I'm using NAudio to get the samples from an audio interface and can't work out if the values are mv or something else.

I assume i could just dump the memory stream into a file and from that use it like a normal wave file but not 100 % on that.

The data contains multiple channels one for reference and then others which i need to compare to the reference channel for what i'm doing however this doesn't seem possible without know what the unit is.
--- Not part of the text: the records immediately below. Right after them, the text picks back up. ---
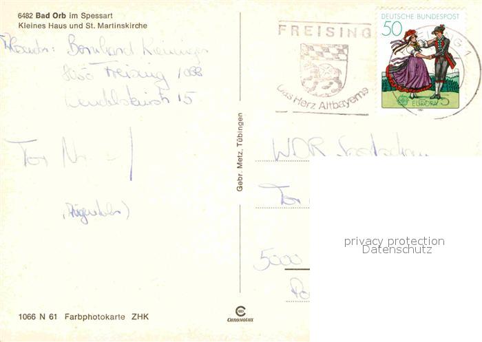 72742365 alte Postkarte Bad Orb Kleines Haus und St Martinskirche postalisch gelaufen Erhaltung siehe scans [FriedD77] KatCode: 11110006435001
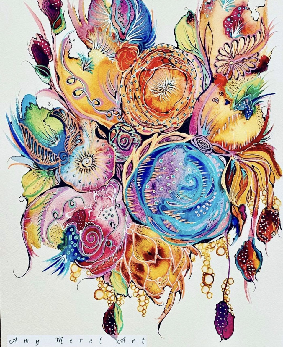 This watercolor, mixed media piece has so much going on. I feel like I could stare at it for hours. I love the lines, the dots, and how each bloom leads into the next in such a natural, organic way. It is a festive, energetic piece that reflects what is possible when you push the boundaries of watercolor painting. Amy has an Etsy site where she sells her paintings.
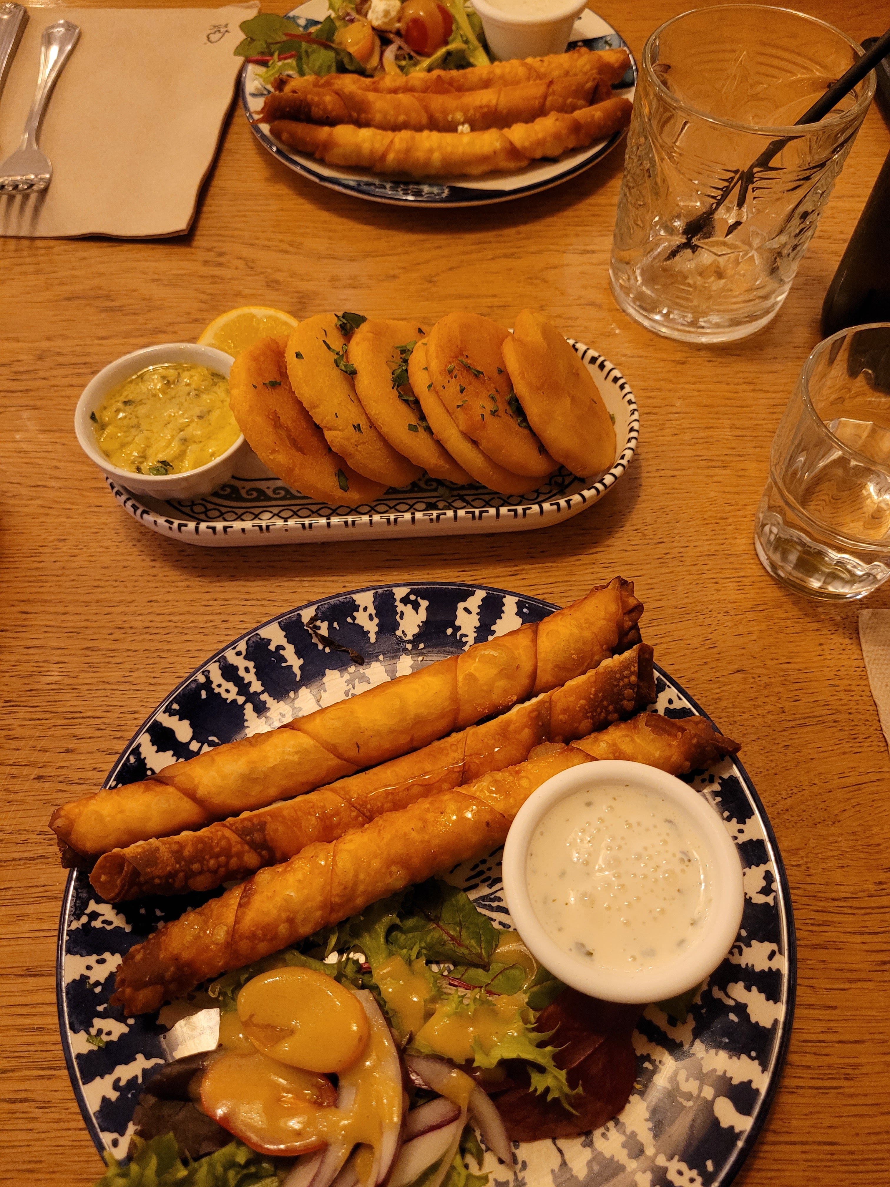 Très jolie lieu qui rappel la grece, agréable de voir ça dans une ville comme Martigues. Personnel très gentil et accueillant, le serveur prend le temps de nous servir correctement et la serveuse blonde tatouée est un amour. Cuisine excellente, de nouvelle saveurs gustatives 10/10. BigUp aux cuisiniers.
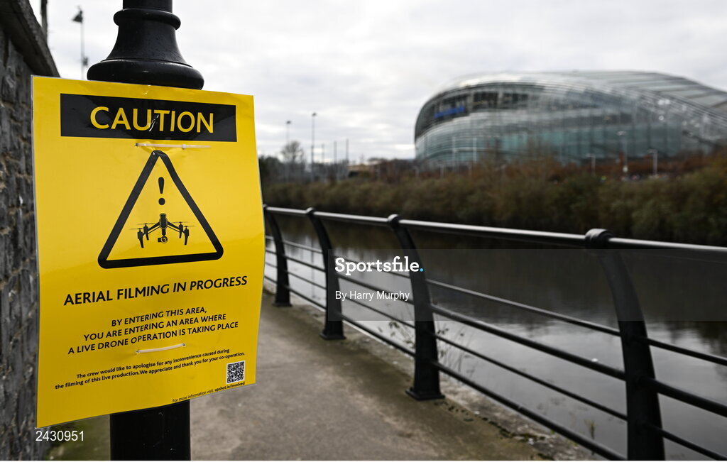 11 February 2023; A drone sign is seen before the Guinness Six Nations Rugby Championship match between Ireland and France at the Aviva Stadium in Dublin. Photo by Harry Murphy/Sportsfile
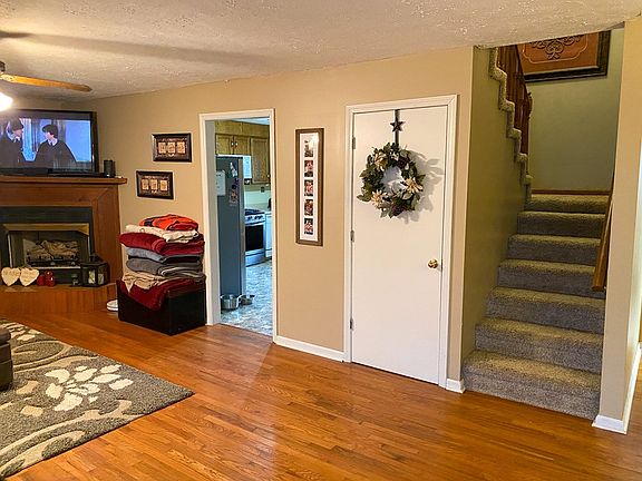 MOTIVATED SELLER. Three (possibly 4) bedroom home with ample space for everyone in the family. MAIN LEVEL has spacious living room with hardwood floors and gas log fireplace / kitchen has lots of counter and cabinet space / master bedroom, second bedroom and full bath. UPSTAIRS is a third bedroom, full bath and spacious family room which could easily be converted to a fourth bedroom. Both upstairs rooms have walk-in closets. Front porch and back deck offer amazing views of pasture land and endless blue skies. The 3 car garage has power plus a covered outside area for your lawn mower. A large covered structure in the backyard offers lots of possibilities. Country living, lots of outdoor space and only 2 neighbors.
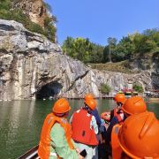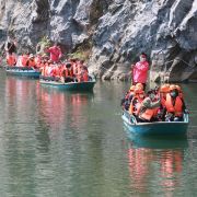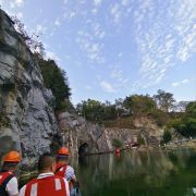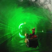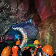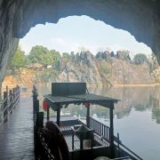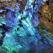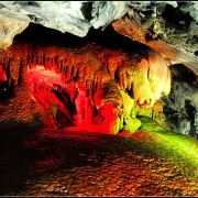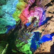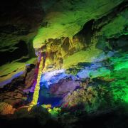 石花水洞并不是很大,却集众多溶洞的特点于一身,洞内有石笋、石柱、石瀑等景观,在景观灯的照耀下显得绚丽斑斓,尤其是洞内发育生长的“一石二花”——卷曲石、文石花和方解石晶体花,这都是非常珍贵的溶洞景观。乘船游于曲折蜿蜒的地下暗河之上,宛若遨游龙宫,让人浮想联翩。
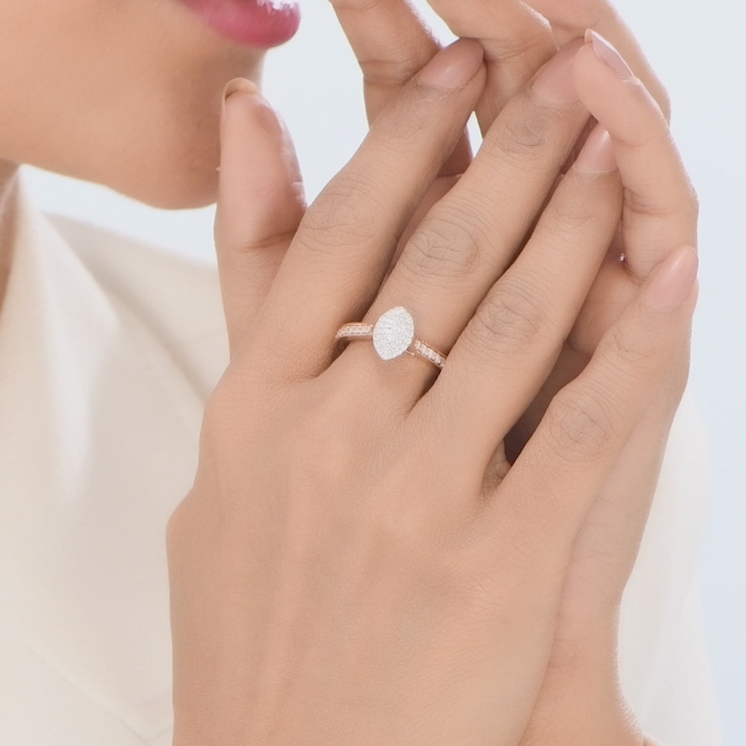 A graceful fusion of charm and elegance, this Sassy Collection ring showcases a cluster of natural diamonds on a sleek rose gold band. Perfect for romantic dinners, festive occasions, or evening outings, it adds a radiant touch of feminine sophistication and timeless allure.
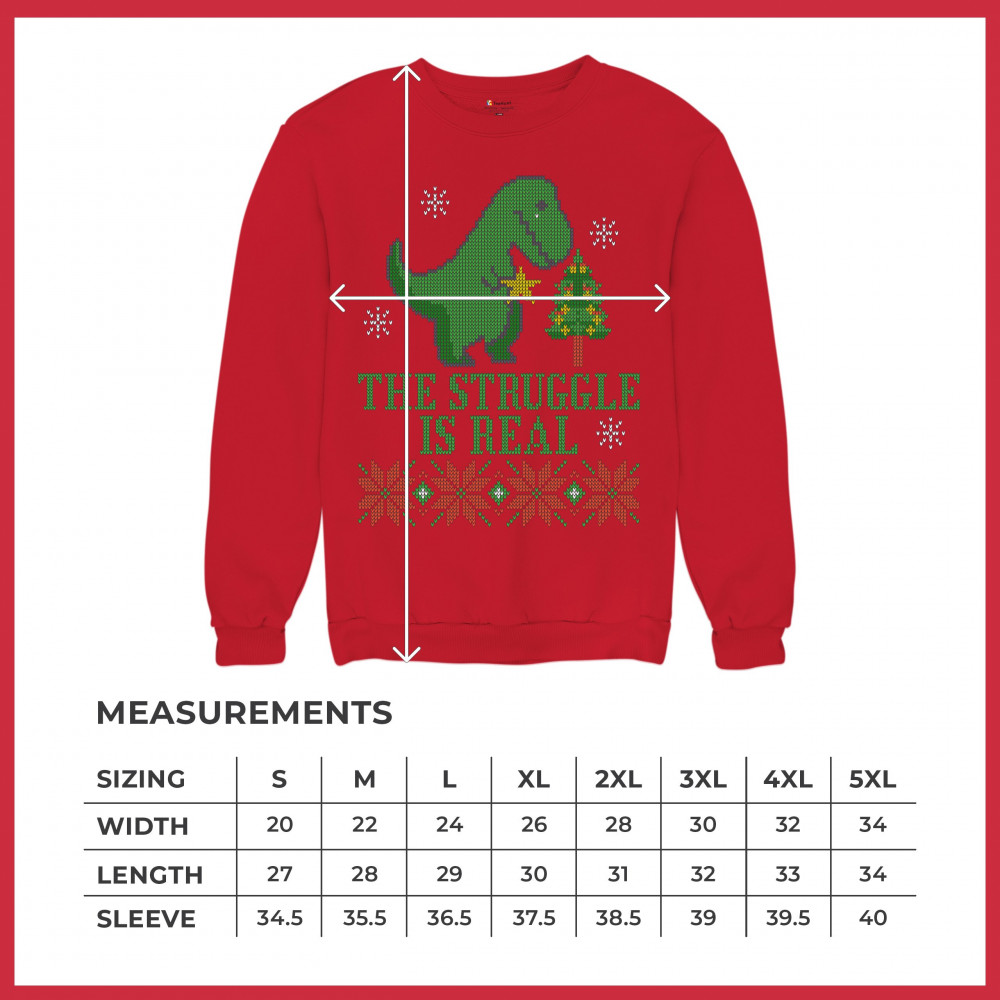 A funny print saying: "The Struggle Is Real" and featuring a sad tyrannosaurus rex holding a toy star in it's short hands standing by a Christmas tree. The print is decorated as an ugly sweater. Amazing choice to make people smile and spread positive vibe
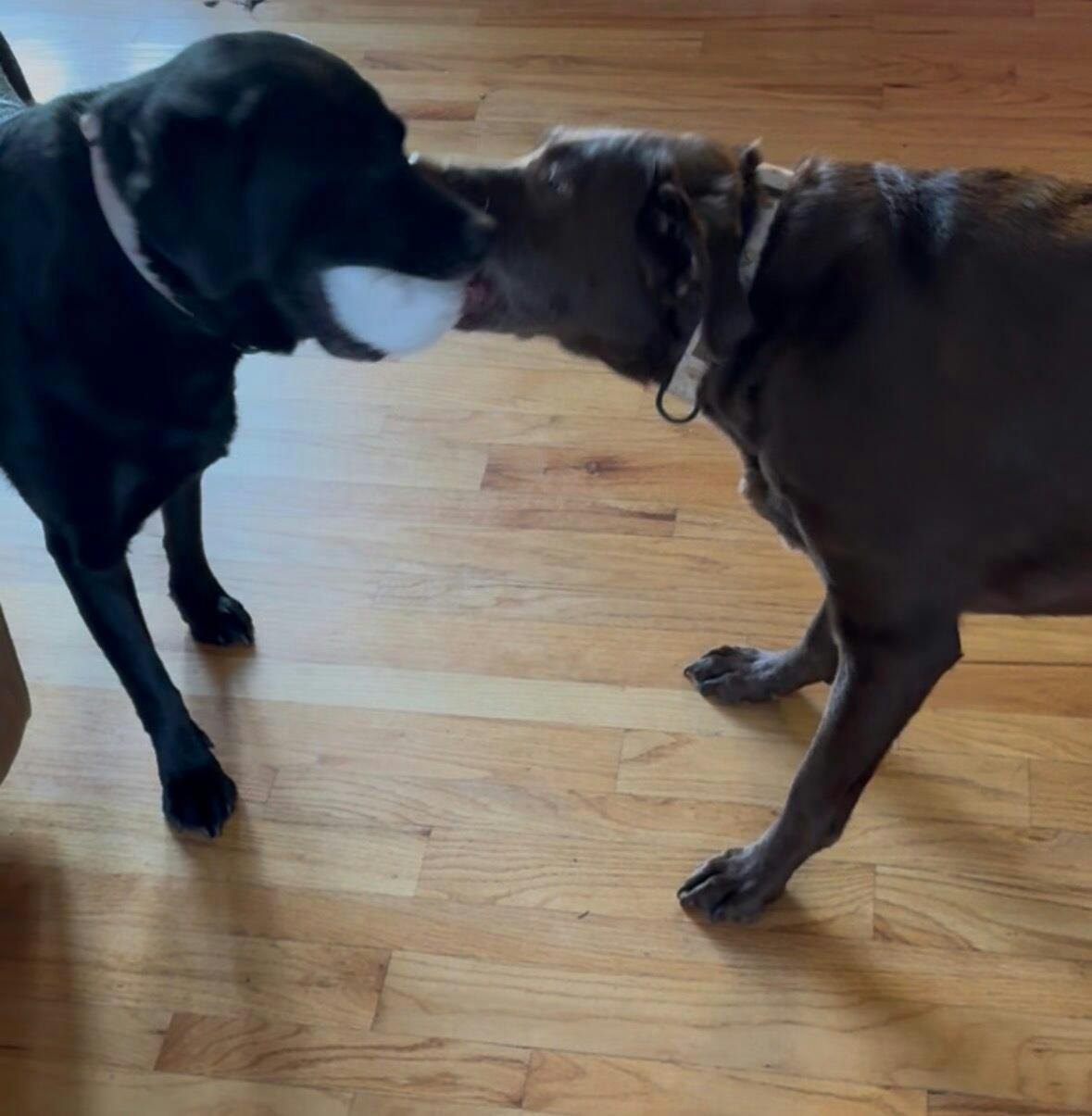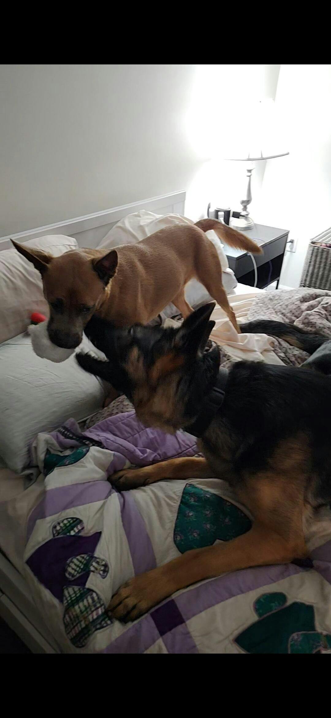 I have 2 large bully breeds that are focused and determined. Given time they can destroy ANYTHING. Louise loved the Santa with the ball inside. She and her big sister love the steering wheel equally. It is clearly a pup fave in this house.
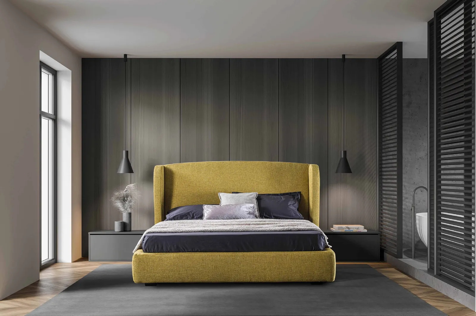 Per progettare ottimamente la camera da letto è di primaria importanza valutare gli accostamenti con armadi e comò, accessori e quant'altro: se desideri mobili moderni, il modello in foto fa per te. Naviga il nostro portale di Arredamento Casa e ottimizza la tua camera con i Letti matrimoniali imbottiti dei migliori produttori. Il Letto in tessuto Aosta di GR Salotti è uno dei prodotti più originali della marca, sinonimo di resistenza nel tempo, qualità dei materiali e stile.
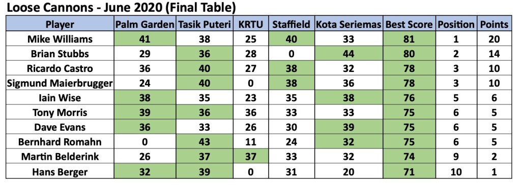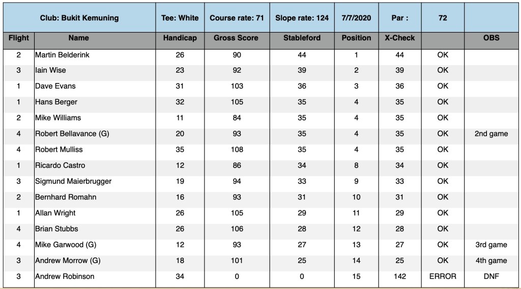 As a keen golfer Roger played with a number of local golfing groups. He was a regular attendee of the KLOGS golf society, first playing in September 2008 (guest of Andrew Barber) before becoming a member in January 2009. He will be remembered fondly as perhaps the calmest player of the society, with his ability to never get flustered, regardless of the outcome of a shot with a great sense of humour. He was also a winner on the 2018 away in Bangkok and recently served on the committee as ‘moneybags’. Roger also played a total of 63 games with the Loose Cannons golfing group who play every Tuesday. Roger was also an active member over the last few years with the FRID’ Eggs golfing group who play every Friday and played a total of 37 games. He also joined the group on our last away tour in August 2019 to Siem Reap, Cambodia.

    public List<byte> Data { get; protected set; }
    public void CreateWaveIn()
    {
        wvin = new NAudio.Wave.WaveInEvent();
        wvin.DeviceNumber = _port;
        wvin.WaveFormat = new NAudio.Wave.WaveFormat(ChosenSampleRate, BitRate, NumberOfChannels);
        wvin.DataAvailable += OnDataAvailable;
        wvin.BufferMilliseconds = 20;
    }

    private void OnDataAvailable(object sender, NAudio.Wave.WaveInEventArgs args)
    {
        int bytesPerSample = (wvin.WaveFormat.BitsPerSample / 8) * wvin.WaveFormat.Channels;
        for (int index = 0; index < args.BytesRecorded; index++)
        {
            if (ObtaingingData)
            {
                Data.Add((args.Buffer[index]));
            }
        }
    }

    public override bool StopObtaingData()
    {
        wvin.StopRecording();
        wvin.DataAvailable -= OnDataAvailable;
        wvin = null;
        ObtaingingData = false;
        WaveStuff();
        return true;
    }

    public WaveStuff()
    {
            using (MemoryStream wave = new MemoryStream())
            {
                wave.Write(Data.ToArray(), 0, Data.Count);
                wave.Position = 0;
                wave.Flush();

                wave.SetLength(wave.Length);

                int endIndex = Data.Count - 1;
                int startIndex = 0;
                int blockCount = (endIndex - startIndex) / fft.BlockSize;

                // endIndex = startIndex + blockCount * fft.BlockSize;

                // Accumulate the FFT of each block
                int blockID = 0;

                // Silently read the first unused samples
                if (wave.CanRead && startIndex > 0)
                {
                    ReadInts(startIndex, channel, wave);
                }

                while (wave.CanRead && blockID < blockCount)
                {
                    int[] data;

                    data = ReadInts(fft.BlockSize, channel, wave);

                    if (data.Length == 0)
                    {
                        break;
                    }

                    fft.Data = data;
                    double[] tmp = fft.GetMagnitudeSpectrum();

                    for (int j = 0; j < tmp.Length; j++)
                    {
                        result[j] += tmp[j];
                    }

                    blockID++;
                    fftCount++;
                }
                wave.Dispose();
            }
    }

    public int[] ReadInts(int count, int selectedChannel, MemoryStream wave)
    {
        int bytesPerSample = BitRate / 8;
        int offset = bytesPerSample * NumberOfChannels;
        int channelOffset = bytesPerSample * selectedChannel;

        byte[] bytes = new byte[count * offset];
        byte[] tempBytes = new byte[4];
        count = Read(bytes, 0, bytes.Length, wave) / offset;
        int[] values = new int[count];
        //   double[] values = new double[count];
        for (int i = 0; i < count; i++)
        {
            switch (BitRate)
            {
                case 8:
                    values[i] = bytes[(i * offset) + channelOffset];
                    break;
                case 16:
                    values[i] = BitConverter.ToInt16(bytes, (i * offset) + channelOffset);
                    break;
                case 24:
                    Array.Copy(bytes, (i * offset) + channelOffset, tempBytes, 1, 3);
                    values[i] = BitConverter.ToInt32(tempBytes, 0) >> 8;
                    break;
                case 32:
                    values[i] = BitConverter.ToInt32(bytes, (i * offset) + channelOffset);
                    break;
                default:
                    break;
            }
        }

        return values;
    }

Answer 1

I would presume the audio is using Pulse Code Modulation , ie each sample represents a pressure level at a given instance of time for a given channel. This would usually not be calibrated or linear, meaning that while a value of 100 would be a higher pressure than 10, there is no telling how much higher or what exact pressure it represents.

If the channels are recorded with the same equipment and settings you should simply be able to subtract samples from one channel from the other. Otherwise you might want to normalize the samples first, i..e find the largest and smallest value for each channel, and re-scale one or the other, or both, to use the same range.